- [Material provided]:
_____

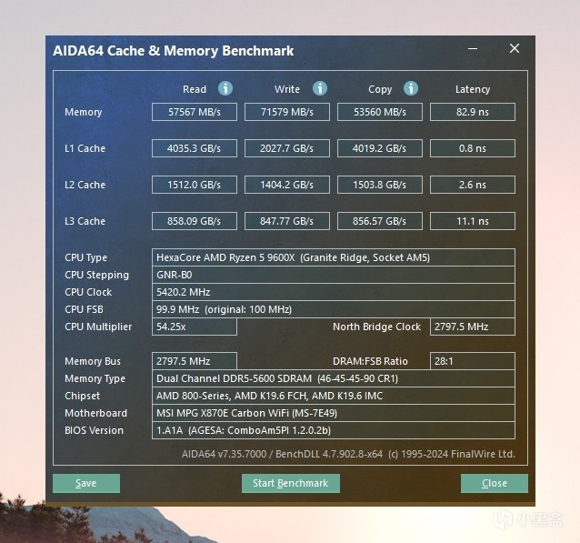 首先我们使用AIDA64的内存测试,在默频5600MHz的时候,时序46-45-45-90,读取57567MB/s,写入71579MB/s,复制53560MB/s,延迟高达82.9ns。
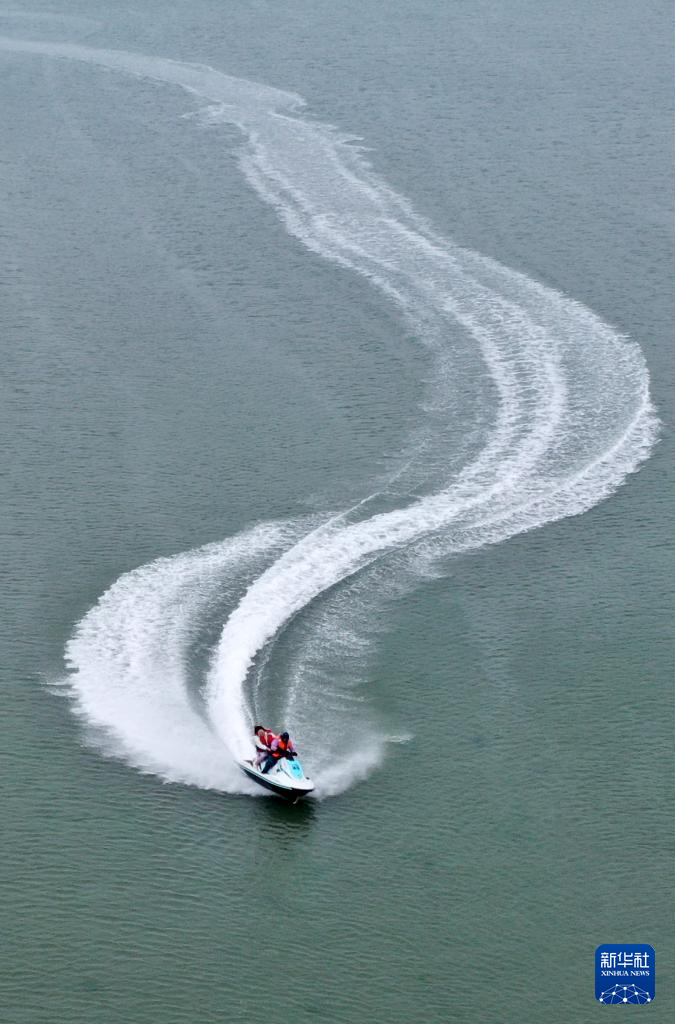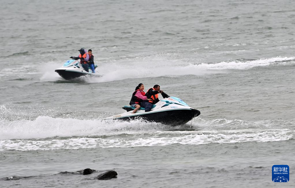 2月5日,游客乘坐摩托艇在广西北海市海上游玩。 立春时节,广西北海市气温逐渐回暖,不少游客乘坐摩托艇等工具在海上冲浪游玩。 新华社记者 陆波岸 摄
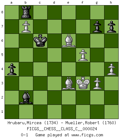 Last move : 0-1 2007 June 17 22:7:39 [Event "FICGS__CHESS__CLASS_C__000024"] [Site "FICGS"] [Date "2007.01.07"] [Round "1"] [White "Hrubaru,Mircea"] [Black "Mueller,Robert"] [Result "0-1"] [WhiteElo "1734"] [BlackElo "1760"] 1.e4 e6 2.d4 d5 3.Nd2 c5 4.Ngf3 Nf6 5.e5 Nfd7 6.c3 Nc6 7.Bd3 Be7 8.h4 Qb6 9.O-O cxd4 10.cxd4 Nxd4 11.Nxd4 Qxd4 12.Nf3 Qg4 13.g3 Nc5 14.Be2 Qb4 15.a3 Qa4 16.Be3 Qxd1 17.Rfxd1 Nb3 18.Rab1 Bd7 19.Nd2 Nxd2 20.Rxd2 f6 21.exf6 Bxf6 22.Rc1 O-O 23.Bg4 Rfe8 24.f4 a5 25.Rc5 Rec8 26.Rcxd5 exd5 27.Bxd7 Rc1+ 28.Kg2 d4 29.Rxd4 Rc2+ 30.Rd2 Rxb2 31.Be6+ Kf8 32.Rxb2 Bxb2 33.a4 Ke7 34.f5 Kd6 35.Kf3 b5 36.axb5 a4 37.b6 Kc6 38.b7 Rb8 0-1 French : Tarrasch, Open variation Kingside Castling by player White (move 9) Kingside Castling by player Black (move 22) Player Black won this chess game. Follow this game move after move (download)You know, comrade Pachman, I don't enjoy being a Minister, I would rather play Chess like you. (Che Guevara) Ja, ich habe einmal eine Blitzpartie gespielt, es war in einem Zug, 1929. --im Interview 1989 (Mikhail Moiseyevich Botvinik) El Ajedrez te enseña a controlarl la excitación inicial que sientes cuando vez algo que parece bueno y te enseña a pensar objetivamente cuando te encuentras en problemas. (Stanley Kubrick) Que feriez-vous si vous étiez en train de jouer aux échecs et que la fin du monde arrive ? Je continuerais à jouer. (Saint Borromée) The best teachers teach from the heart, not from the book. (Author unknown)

_____

- [Directions for this task]: Keeping both end lines, retype exactly the lines from the first line of the material through the line that contains "新华社记者 陆波岸 摄", but not the pictures.

- [Task answer]:
 首先我们使用AIDA64的内存测试,在默频5600MHz的时候,时序46-45-45-90,读取57567MB/s,写入71579MB/s,复制53560MB/s,延迟高达82.9ns。
 2月5日,游客乘坐摩托艇在广西北海市海上游玩。 立春时节,广西北海市气温逐渐回暖,不少游客乘坐摩托艇等工具在海上冲浪游玩。 新华社记者 陆波岸 摄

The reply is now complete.